WORK ITEM:
Restate the listing below word for word, and leave its pictures behind.

COLLECTED MATERIAL:
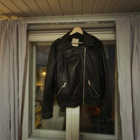 Myydään hyväkuntoinen ja vähän käytetty Esprit nahkatakki. Postitus onnistuu.
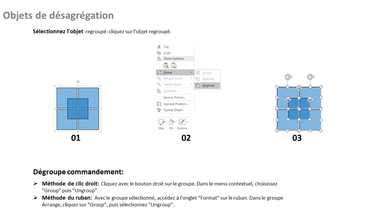 - Comprend des notes d'instructions pour regrouper les éléments sans perturber la conception
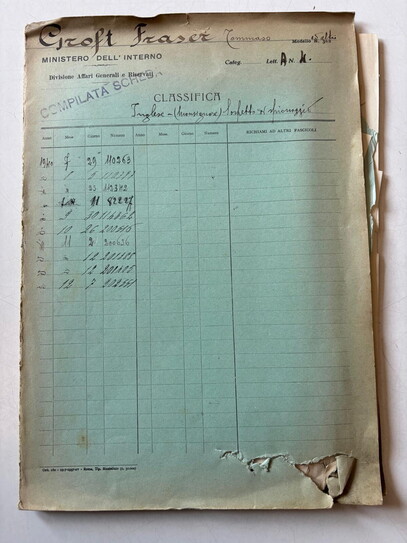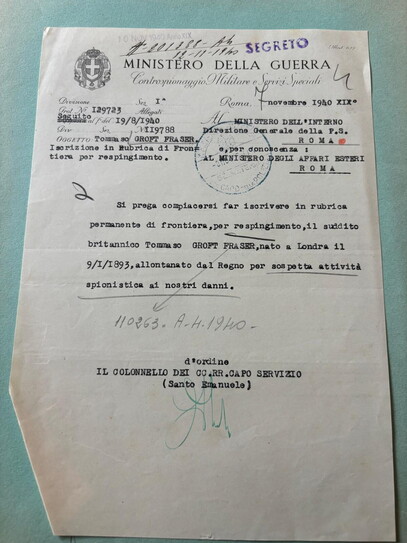 Vicenda chiusa, ma non del tutto. Il Controspionaggio, informato dell’esito, risponde il 7 novembre alla Direzione generale pubblica sicurezza e per conoscenza al ministero degli Affari esteri: “Si prega compiacersi far iscrivere in rubrica permanente di frontiera, per respingimento, il suddito britannico Thomas Croft-Fraser, allontanato dal Regno per sospetta attività spionistica ai nostri danni”. Al ministero della Guerra vogliono essere sicuri che non torni più, sicché il giorno 13 tale disposizione è girata alla Divisione polizia di frontiera e trasporti.

SOLUTION FOR THIS TASK:
 Myydään hyväkuntoinen ja vähän käytetty Esprit nahkatakki. Postitus onnistuu.
 - Comprend des notes d'instructions pour regrouper les éléments sans perturber la conception
 Vicenda chiusa, ma non del tutto. Il Controspionaggio, informato dell’esito, risponde il 7 novembre alla Direzione generale pubblica sicurezza e per conoscenza al ministero degli Affari esteri: “Si prega compiacersi far iscrivere in rubrica permanente di frontiera, per respingimento, il suddito britannico Thomas Croft-Fraser, allontanato dal Regno per sospetta attività spionistica ai nostri danni”. Al ministero della Guerra vogliono essere sicuri che non torni più, sicché il giorno 13 tale disposizione è girata alla Divisione polizia di frontiera e trasporti.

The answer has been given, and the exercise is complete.